[Collection entries]
*-*-*

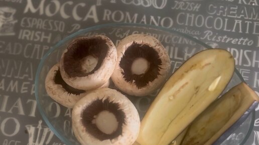 Баклажанные лодочки и золотые грыбочки с фаршированой начинкой.
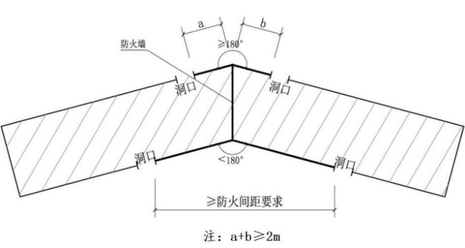 2.3.1 相邻两座建筑之间通过设置防火墙以满足防火间距不限的条件时,当两座相邻建筑形成夹角小于180度时,最近的门窗洞口间距不应小于相应的防火间距要求;当两座相邻建筑形成夹角不小于180度时,紧靠防火墙两侧的门、窗、洞口之间最近边缘的水平距离应不小于2m。(附图2.3.1)
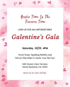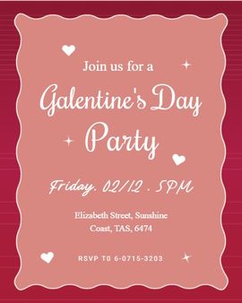 Valentine’s Day invitations are commonly used for romantic dinners, couples’ parties, Galentine’s gatherings, classroom celebrations, and themed get-togethers with friends.
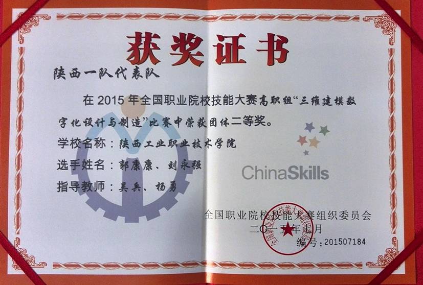 我院学生获全国职业院校技能大赛三维建模数字化设计与制造赛项团体二等奖
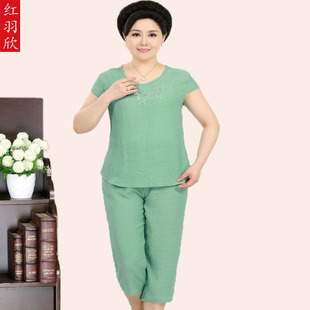 批發(fā)中年婦女夏裝套裝中老年女士棉麻短袖T恤衫兩件套媽媽裝休閑 /
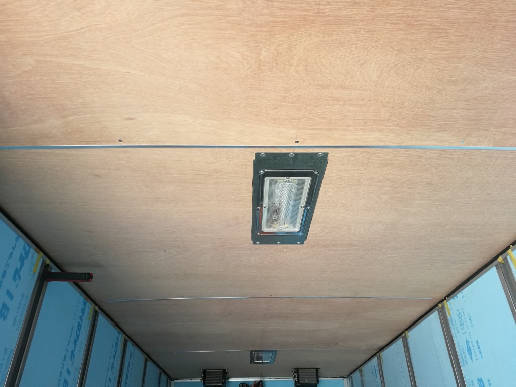 天井のベニアを取り付けました。
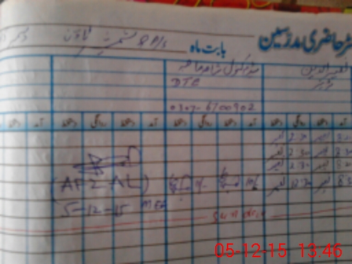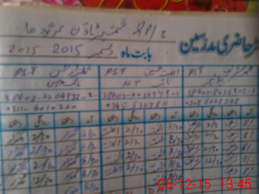 | Name: Um**** Hu**** Designation: (School Headmaster's/Headmistress's) PST Phone/Cell Number: 03**** |

*-*-*

▶ [About this task]
Print all entries exactly; skip the pictures.

▶ [Task answer]
 Баклажанные лодочки и золотые грыбочки с фаршированой начинкой.
 2.3.1 相邻两座建筑之间通过设置防火墙以满足防火间距不限的条件时,当两座相邻建筑形成夹角小于180度时,最近的门窗洞口间距不应小于相应的防火间距要求;当两座相邻建筑形成夹角不小于180度时,紧靠防火墙两侧的门、窗、洞口之间最近边缘的水平距离应不小于2m。(附图2.3.1)
 Valentine’s Day invitations are commonly used for romantic dinners, couples’ parties, Galentine’s gatherings, classroom celebrations, and themed get-togethers with friends.
 我院学生获全国职业院校技能大赛三维建模数字化设计与制造赛项团体二等奖
 批發(fā)中年婦女夏裝套裝中老年女士棉麻短袖T恤衫兩件套媽媽裝休閑 /
 天井のベニアを取り付けました。
 | Name: Um**** Hu**** Designation: (School Headmaster's/Headmistress's) PST Phone/Cell Number: 03**** |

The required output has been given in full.